L’UCP-2 è una proteina integrale di membrana che, quando attivata, trasporta protoni
attraverso la membrana interna, disaccoppiando il metabolismo ossidativo del
glucosio dalla produzione di ATP. Dal momento che questo fa diminuire la quantità
di ATP generata dal glucosio, l’UCP-2 può regolare negativamente la secrezione di
insulina stimolata dal glucosio. Evidenze sperimentali hanno mostrato che ciò è
possibile. La forzata iperespressione di UCP-2 nelle cellule beta in coltura determina
una diminuzione della secrezione di insulina in risposta al glucosio, mentre
l’inattivazione del gene UCP-2 nel topo ha l’effetto contrario. Da notare che
l’inattivazione di un solo allele (eterozigosità) produce un effetto che è intermedio
tra quello osservato nel topo wild type e nell’omozigote, indicando che cambiamenti
relativamente piccoli nell’espressione di UCP-2 hanno effetti significativi nella
secrezione di insulina in risposta al glucosio. UCP-2 esercita sostanziali effetti
negativi nel controllo della secrezione di insulina in risposta al glucosio. Può la
aumentata espressione di UCP-2 avere un ruolo causale nelle disfunzioni delle cellule
beta nel diabete di tipo 2? Questa idea è supportata dal fatto che l’espressione di
UCP-2 è stimolata in vivo ed in vitro dall’iperglicemia e dai lipidi, oltre che in
modelli animali di diabete di tipo 2. La deficienza genetica di UCP-2 nei modelli
animali di obesità/diabete determina un significativo miglioramento della funzione
delle cellule beta. Questi dati suggeriscono che UCP-2 nei modelli animali ha un
importante ruolo patogenetico.
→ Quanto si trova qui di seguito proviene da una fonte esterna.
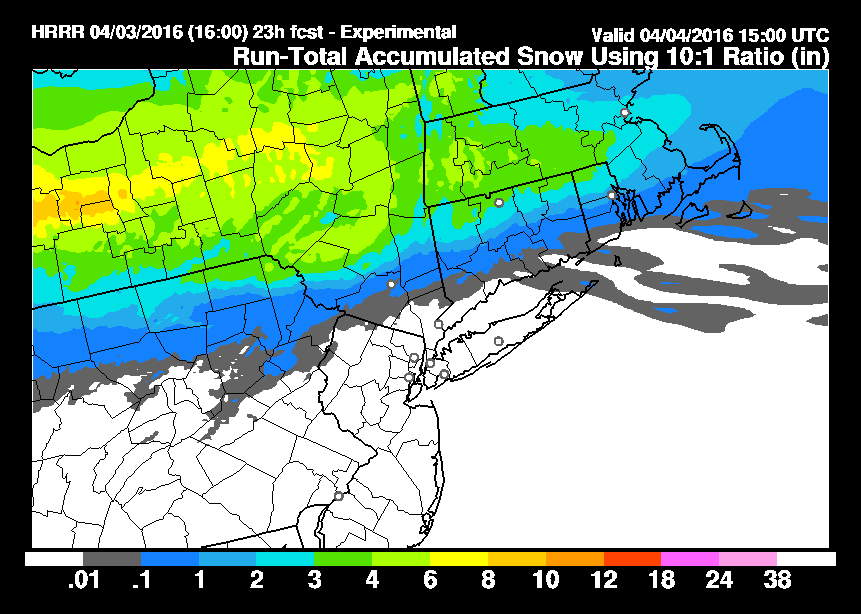 On the other hand, if the low tracks just to the north we could see light rain here for awhile and temperatures warming up toward 50. However all the models do show the front and the wave sagging south of Long Island and New Jersey during the afternoon. This will bring back chilly temperatures and perhaps a change back to wet snow late in the afternoon and evening before it all comes to an end early Monday night.
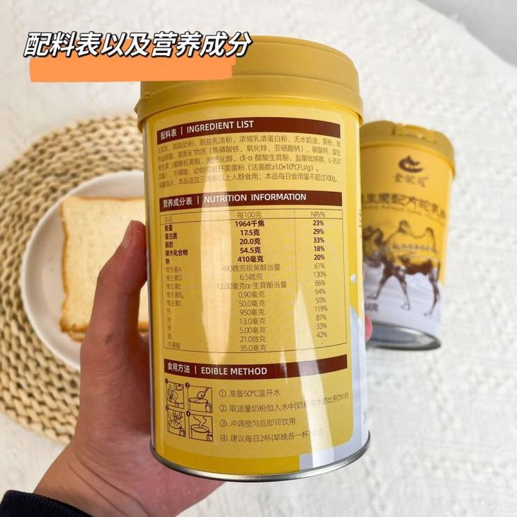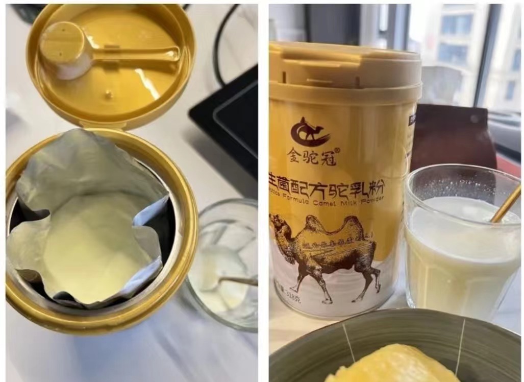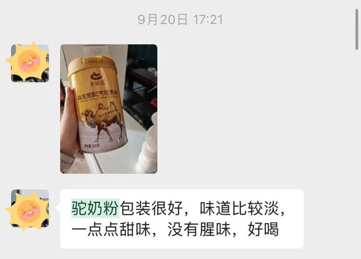 2.金驼冠驼乳粉加工工艺成熟,经评测及用户反馈,绝大多数人不会感受到有腥膻味,有少部分人群对膻味及其敏感人群,能喝出一点腥味,但也在可接受范围内(还有一部分人群能喝出微微的咸味)。

Un ruolo simile potrebbe averlo anche nel diabete di
tipo 2 umano, perché UCP-2 è espresso dalle cellule beta e la sua espressione
aumenta con l’iperglicemia. Inoltre un polimorfismo nel promotore del gene UCP-2
umano, che incrementa l’espressione di UCP-2, è stato legato alla riduzione della
secrezione di insulina e ad una più alta frequenza e/o più precoce comparsa del
diabete di tipo 2. E’ stato recentemente scoperto che il superossido, un sottoprodotto
dell’attività della catena di trasporto degli elettroni, stimola l’attività della UCP-2
quando viene aggiunto a mitocondri isolati, o quando è generato in situ all’interno
delle cellule beta intatte. Il meccanismo attraverso il quale il superossido attiva UCP2 è sconosciuto ma può coinvolgere la generazione di intermedi dei radicali liberi. La
stimolazione dell’attività di UCP-2 da superossido è rilevante nello sviluppo delle
disfunzioni delle cellule beta, perché la produzione di superossido aumenta nelle
cellule beta dei roditori con diabete di tipo 2 ed in cellule beta in coltura esposte
all’iperglicemia e a elevati livelli di lipidi. Questo aumento di perossido, accoppiato
all’aumento nella proteina UCP-2, porta ad una marcata stimolazione della fuga di
protoni che porta alla disfunzione delle cellule beta. La rimozione del superossido
endogeno nelle cellule beta che non rispondono al glucosio, sia perché esposte
all’iperglicemia in vitro o perché in presenza di uno stato diabetico o di obesità in
vivo, inibisce notevolmente l’attività di UCP-2 e ripristina la secrezione di insulina
stimolata dal glucosio. Queste evidenze suggeriscono la possibilità che inibitori di
UCP-2 possano essere usati per trattare o prevenire il diabete di tipo 2.
CONCLUSIONI
Molti diversi esperimenti supportano l’ipotesi che i difetti mitocondriali possano
giocare un ruolo critico nei due principali aspetti del diabete di tipo 2. L’insulinoresistenza e la disfunzione delle cellule beta. Varie domande restano ancora aperte:
1) la riduzione in vivo della funzionalità mitocondriale è dovuta alla perdita di
mitocondri, o a difetti funzionali dei mitocondri o a entrambe le cose?
2) La down-regolazione dei geni responsivi a
PGC-1α/PGC-1β è un evento
primario o secondario nella patogenesi del diabete di tipo 2? Se è un evento
primario, quali sono i geni a monte responsabili della loro alterata espressione?
3) Può l’UCP-2 giocare un ruolo nella disfunzione della cellula β pancreatica nei
pazienti con diabete di tipo 2?
Rispondere a queste domande potrà fornire nuovi bersagli farmacologici per la
prevenzione e il trattamento della più diffusa malattia metabolica del mondo.